A decade ago, the man would have required surgery to
remove his bone marrow, and then another surgery to
have healthy bone marrow transplanted back into his
body. His chances of surviving the surgeries and the
lengthy recovery process would have been slim, Keuroghelian
said.
But with modern technology, the man bypassed the grueling
bone marrow procedures and instead received the needed
treatment through blood transfusions. He checked out
of the hospital just three weeks after the transfusions.
This patient's speedy recovery is largely the fruit
of modern discoveries in stem cell research. While stem
cell transplantation has benefited patients with diseases
such as leukemia and lymphoma for the past several decades,
in recent years, researchers have explored new potential
treatments for a host of diseases through the use of
embryonic stem cells.
Some doctors suggest that within the next five years,
stem cells could be used to treat everything from heart
disease to diabetes.
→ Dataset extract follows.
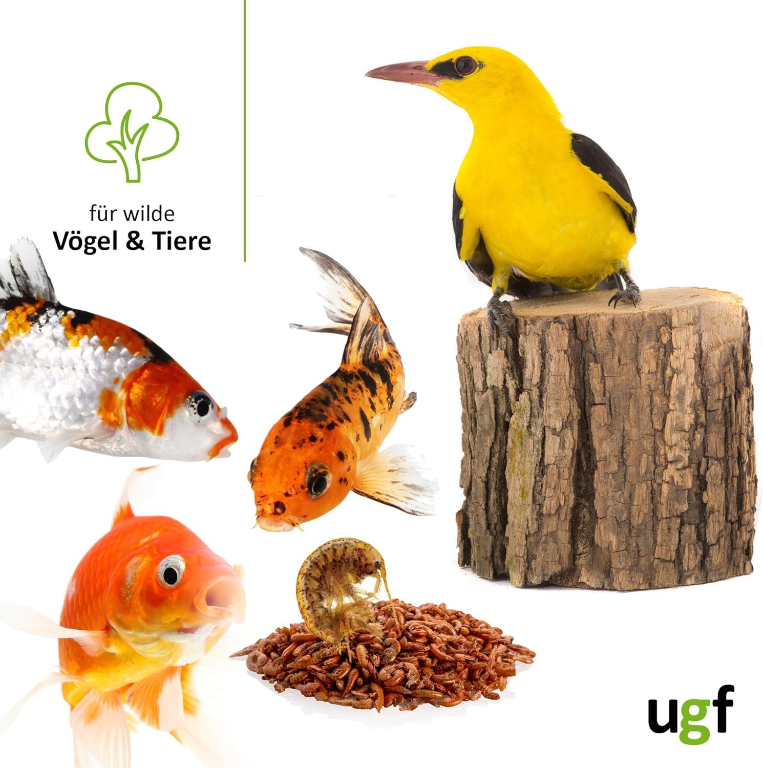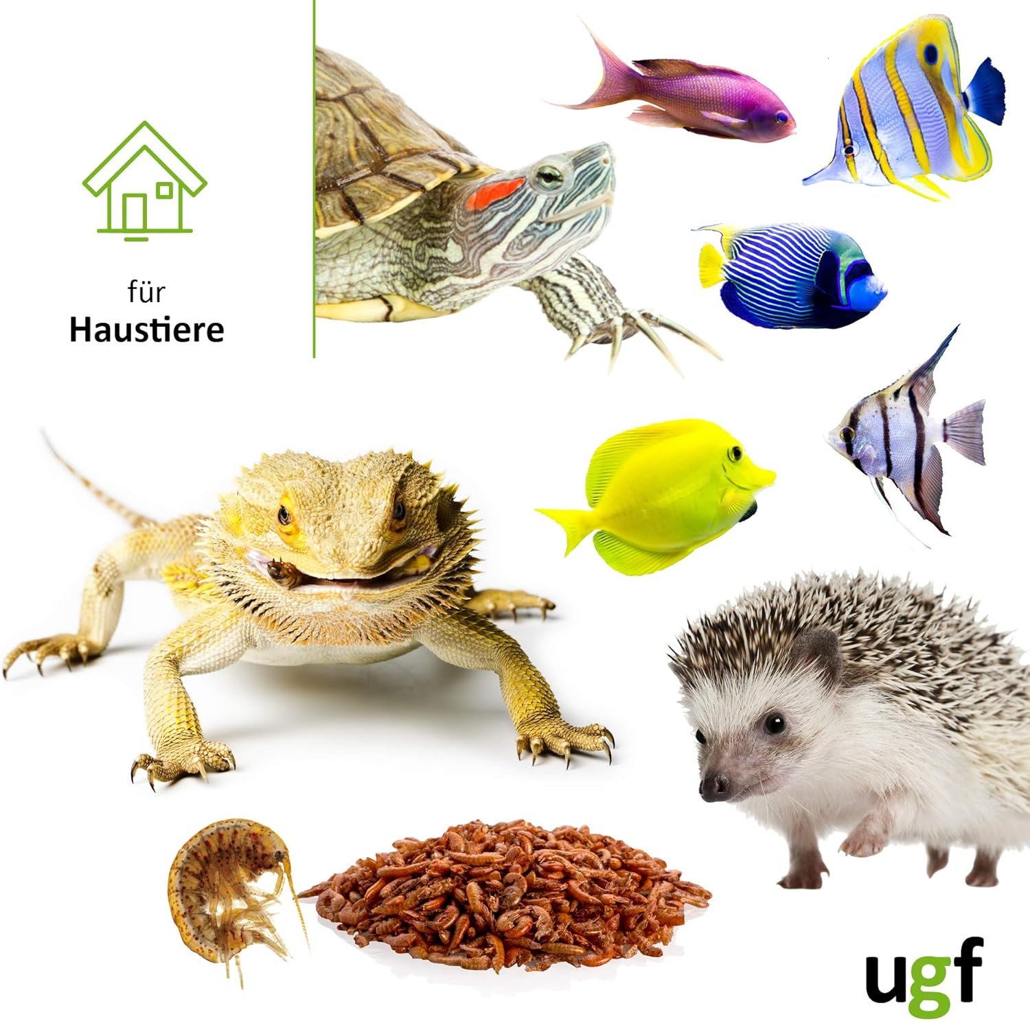ALLE TIERE – dieser „Insektensnack“ eignet sich hervorragend als Futter für Aquarienfische, Schildkröten, Vögel, Wildvögel, Hamster, Igel, Koi, Ratten und Axolotl.
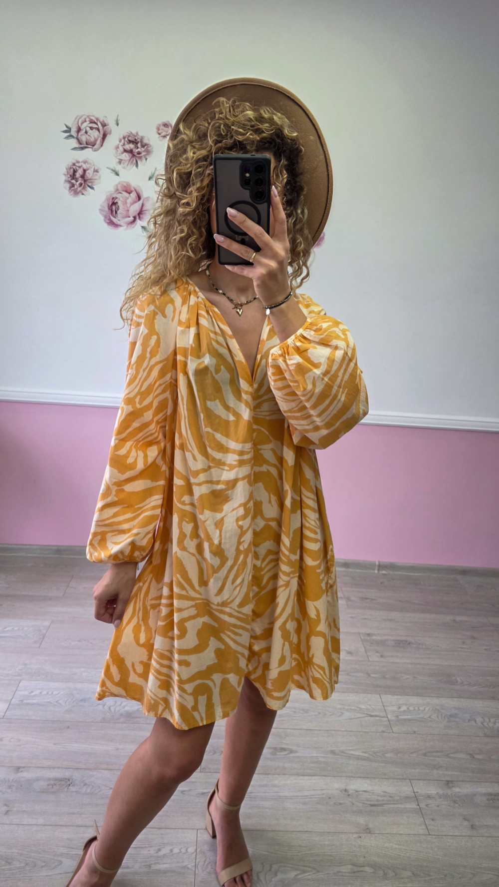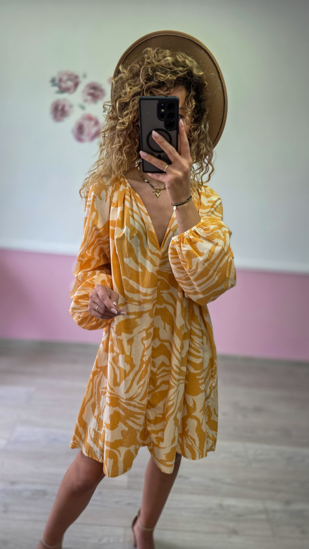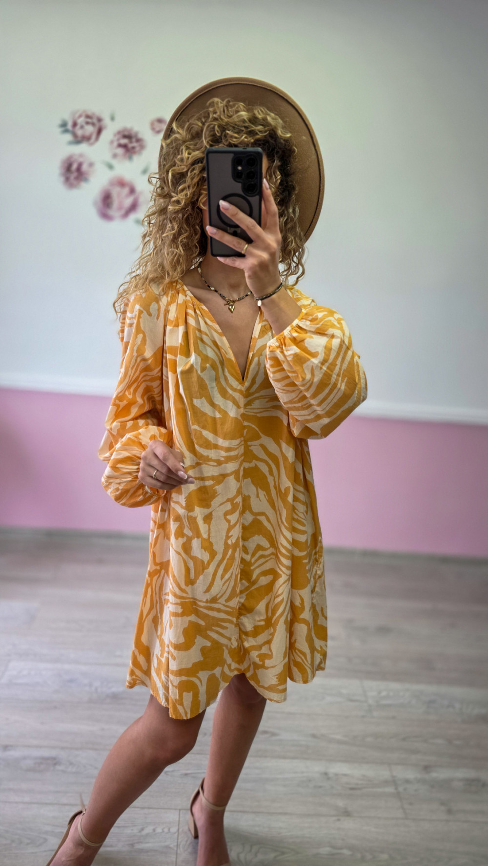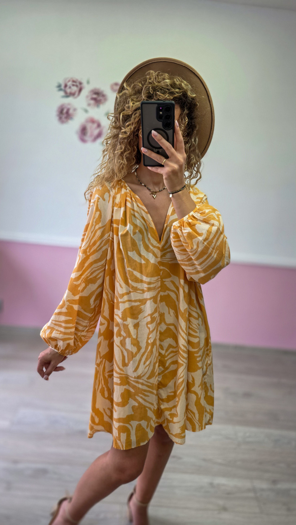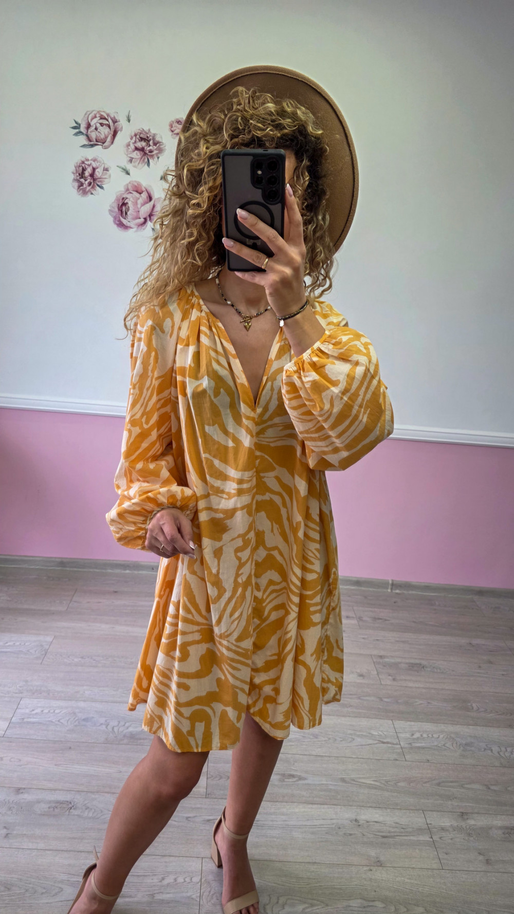 Przepiękna sukienka mini w stylu boho w odcieniach żółci i bieli to idealna propozycja na lato. Zwiewna, lekka i niezwykle kobieca. Wykonana z przewiewnego materiału, który zapewnia komfort nawet w gorące dni. Luźny fason, dekolt w serek i bufiaste rękawy dodają jej uroku i romantycznego charakteru. Świetna na wakacje, spacery i spotkania ze znajomymi.

Nurses such as Lindsay Middleton,
RN, a genetic counselor with the urology/oncology branch
of the National Institutes of Health, encourages nurses
to prepare themselves by taking time to grasp the science
that drives this technology.
"Nurses need an understanding of where stem cells
are in the body, how they are obtained, how they are
manipulated in the lab," Middleton said. "Nurses
have always been the basic educators of patients, and
in order for nurses to provide the best nursing care,
they have to have a good understanding at the scientific
level."
Doctors first began taking advantage of stem cell treatments
in the 1970s, when they started using bone marrow from
healthy family members and transplanting it into leukemia
patients, said Stephen Forman, MD, director of hematology
and marrow transplantation at City of Hope National
Medical Center in Duarte, Calif. The stem cells in the
healthy marrow would multiply and replenish the immune
system in the cancer patient.
The next medical leap came when doctors started using
the cancer patient's own marrow rather than that of
a donor, which lowered the rejection rate. In the 1980s,
researchers found another source of stem cells: the
umbilical cord blood. This led to the discovery that
stem cells in the blood of people of any age could be
used for transplantation.
When doctors transplanted a donor's blood-or sometimes
the patient's own blood-into a leukemia patient, the
stem cells would find their way to the bone marrow and
start multiplying. The stem cells would eventually differentiate
into platelets, red blood cells or white blood cells.